• _Your instructions_
Take the records below and set down exactly the lines from the one with "Se necesita 12V" to the one with "- Caja: Grande, estilo", ends included; do not copy the pictures.

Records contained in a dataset
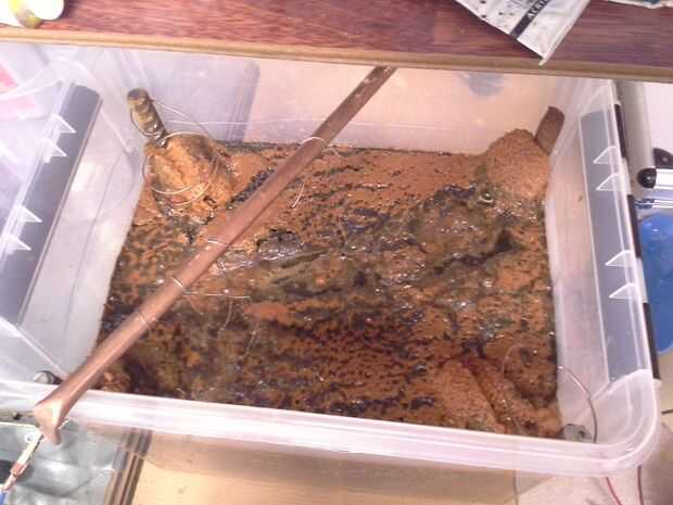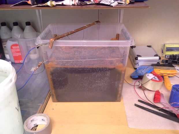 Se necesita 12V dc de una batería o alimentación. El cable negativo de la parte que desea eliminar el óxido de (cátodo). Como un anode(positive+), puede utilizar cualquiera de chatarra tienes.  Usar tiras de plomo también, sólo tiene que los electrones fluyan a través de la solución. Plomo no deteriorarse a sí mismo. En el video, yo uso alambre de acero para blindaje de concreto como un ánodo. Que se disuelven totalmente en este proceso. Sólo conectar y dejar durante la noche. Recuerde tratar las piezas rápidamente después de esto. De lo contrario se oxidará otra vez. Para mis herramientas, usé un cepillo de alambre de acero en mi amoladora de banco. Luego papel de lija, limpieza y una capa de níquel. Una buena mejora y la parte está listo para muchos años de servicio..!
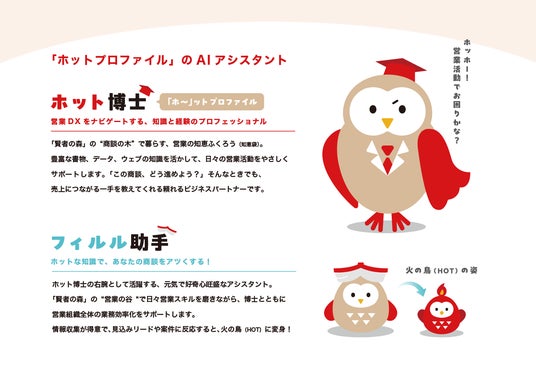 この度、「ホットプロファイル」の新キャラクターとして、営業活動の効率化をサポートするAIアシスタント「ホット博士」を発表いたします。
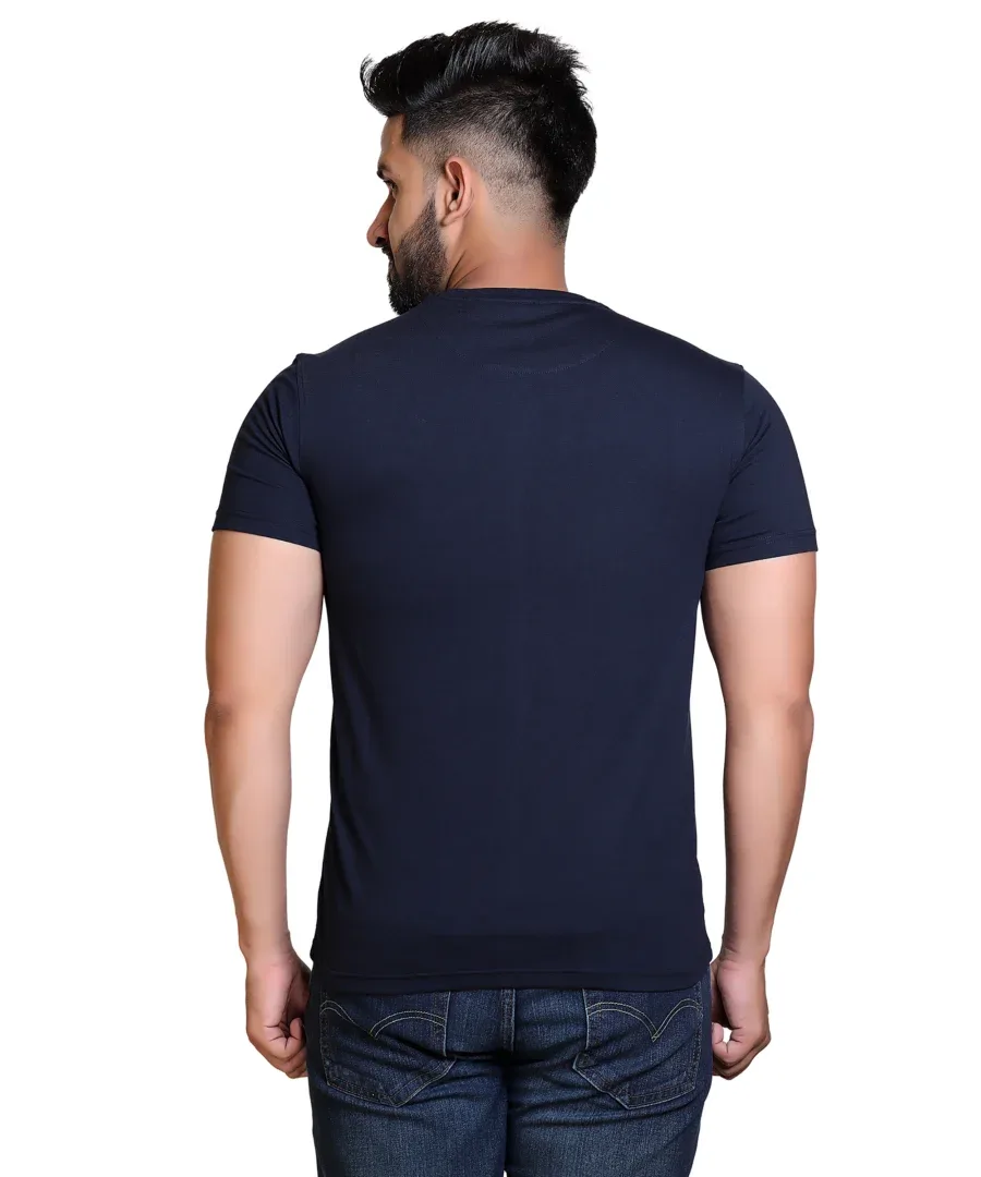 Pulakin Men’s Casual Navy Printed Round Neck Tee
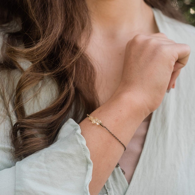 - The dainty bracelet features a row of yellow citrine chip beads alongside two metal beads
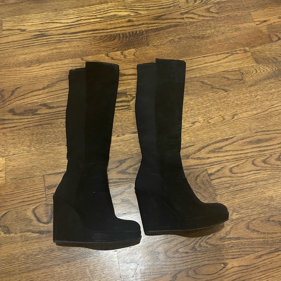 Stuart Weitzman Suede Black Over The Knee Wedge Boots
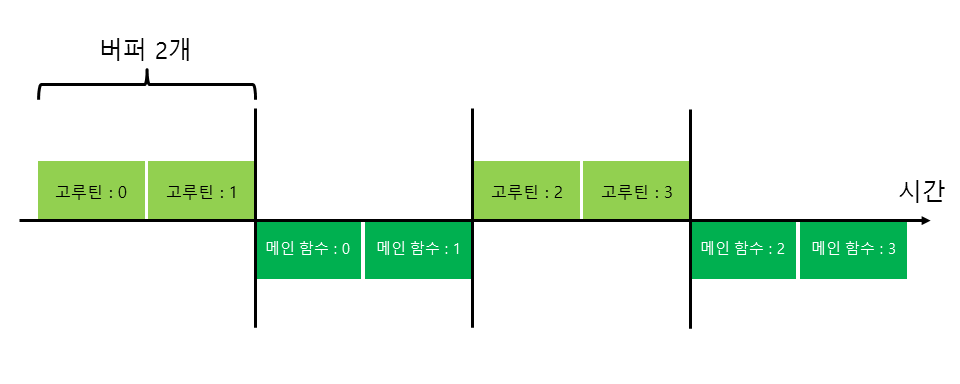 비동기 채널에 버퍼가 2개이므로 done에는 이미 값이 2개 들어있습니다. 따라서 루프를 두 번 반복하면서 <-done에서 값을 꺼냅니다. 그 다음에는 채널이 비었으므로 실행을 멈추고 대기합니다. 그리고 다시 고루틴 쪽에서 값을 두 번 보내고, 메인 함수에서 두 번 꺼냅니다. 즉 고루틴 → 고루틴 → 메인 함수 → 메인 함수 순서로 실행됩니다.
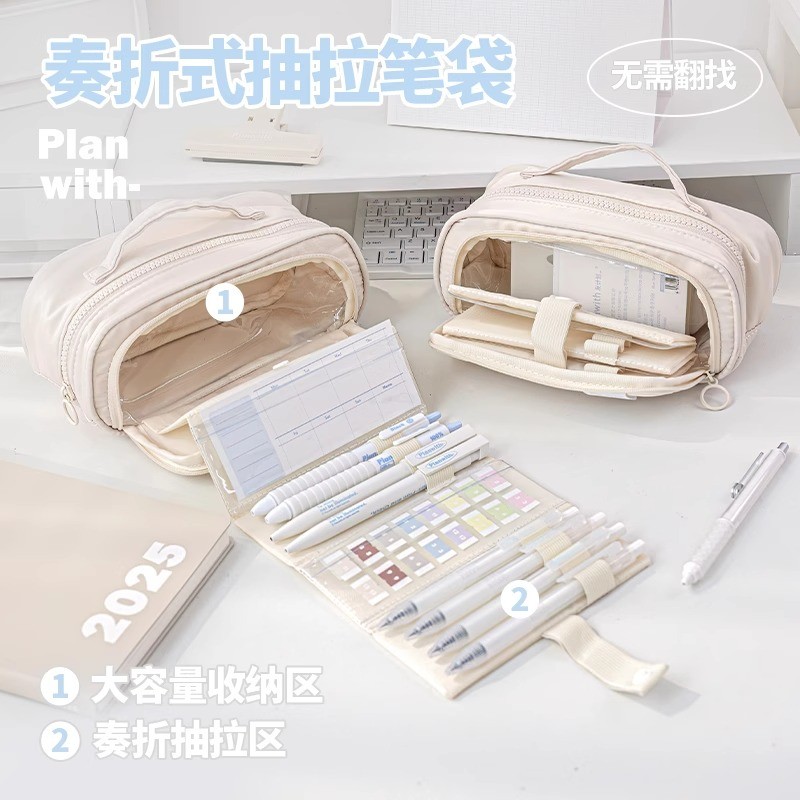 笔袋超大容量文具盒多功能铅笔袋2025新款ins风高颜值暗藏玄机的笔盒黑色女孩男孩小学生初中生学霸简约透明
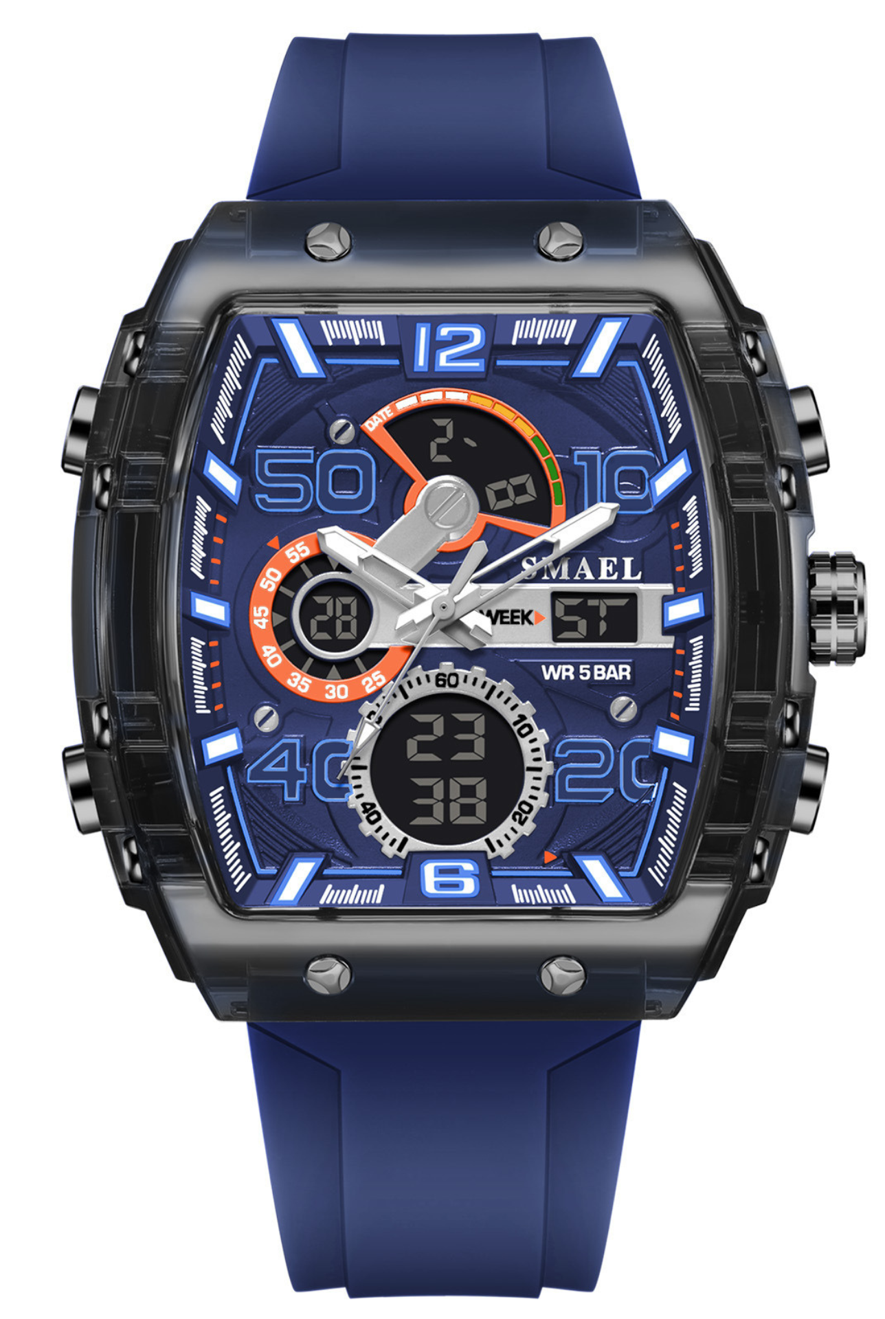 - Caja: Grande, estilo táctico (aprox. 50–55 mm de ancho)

---

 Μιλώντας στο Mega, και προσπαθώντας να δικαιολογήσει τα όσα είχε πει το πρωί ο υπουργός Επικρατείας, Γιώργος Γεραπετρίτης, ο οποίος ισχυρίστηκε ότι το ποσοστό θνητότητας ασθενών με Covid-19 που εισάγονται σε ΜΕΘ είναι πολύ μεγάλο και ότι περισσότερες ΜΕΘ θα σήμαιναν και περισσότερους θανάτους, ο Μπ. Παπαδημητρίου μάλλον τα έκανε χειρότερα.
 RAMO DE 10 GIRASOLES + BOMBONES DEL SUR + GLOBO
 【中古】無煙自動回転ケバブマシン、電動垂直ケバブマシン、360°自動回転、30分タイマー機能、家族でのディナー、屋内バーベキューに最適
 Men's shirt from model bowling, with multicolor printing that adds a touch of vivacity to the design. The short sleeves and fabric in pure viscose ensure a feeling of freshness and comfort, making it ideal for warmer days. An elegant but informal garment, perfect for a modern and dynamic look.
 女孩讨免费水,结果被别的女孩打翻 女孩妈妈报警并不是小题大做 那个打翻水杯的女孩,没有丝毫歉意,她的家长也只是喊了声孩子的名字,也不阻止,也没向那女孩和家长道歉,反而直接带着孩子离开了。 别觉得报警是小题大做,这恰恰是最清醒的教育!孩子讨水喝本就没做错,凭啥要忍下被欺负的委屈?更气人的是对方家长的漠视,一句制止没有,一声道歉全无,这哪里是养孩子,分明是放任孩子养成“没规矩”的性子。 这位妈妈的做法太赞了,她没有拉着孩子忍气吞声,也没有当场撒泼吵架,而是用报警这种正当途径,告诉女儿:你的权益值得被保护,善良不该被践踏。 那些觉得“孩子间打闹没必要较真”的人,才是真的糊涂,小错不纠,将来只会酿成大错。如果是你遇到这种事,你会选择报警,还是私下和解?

• _Answer section_
 Se necesita 12V dc de una batería o alimentación. El cable negativo de la parte que desea eliminar el óxido de (cátodo). Como un anode(positive+), puede utilizar cualquiera de chatarra tienes.  Usar tiras de plomo también, sólo tiene que los electrones fluyan a través de la solución. Plomo no deteriorarse a sí mismo. En el video, yo uso alambre de acero para blindaje de concreto como un ánodo. Que se disuelven totalmente en este proceso. Sólo conectar y dejar durante la noche. Recuerde tratar las piezas rápidamente después de esto. De lo contrario se oxidará otra vez. Para mis herramientas, usé un cepillo de alambre de acero en mi amoladora de banco. Luego papel de lija, limpieza y una capa de níquel. Una buena mejora y la parte está listo para muchos años de servicio..!
 この度、「ホットプロファイル」の新キャラクターとして、営業活動の効率化をサポートするAIアシスタント「ホット博士」を発表いたします。
 Pulakin Men’s Casual Navy Printed Round Neck Tee
 - The dainty bracelet features a row of yellow citrine chip beads alongside two metal beads
 Stuart Weitzman Suede Black Over The Knee Wedge Boots
 비동기 채널에 버퍼가 2개이므로 done에는 이미 값이 2개 들어있습니다. 따라서 루프를 두 번 반복하면서 <-done에서 값을 꺼냅니다. 그 다음에는 채널이 비었으므로 실행을 멈추고 대기합니다. 그리고 다시 고루틴 쪽에서 값을 두 번 보내고, 메인 함수에서 두 번 꺼냅니다. 즉 고루틴 → 고루틴 → 메인 함수 → 메인 함수 순서로 실행됩니다.
 笔袋超大容量文具盒多功能铅笔袋2025新款ins风高颜值暗藏玄机的笔盒黑色女孩男孩小学生初中生学霸简约透明
 - Caja: Grande, estilo táctico (aprox. 50–55 mm de ancho)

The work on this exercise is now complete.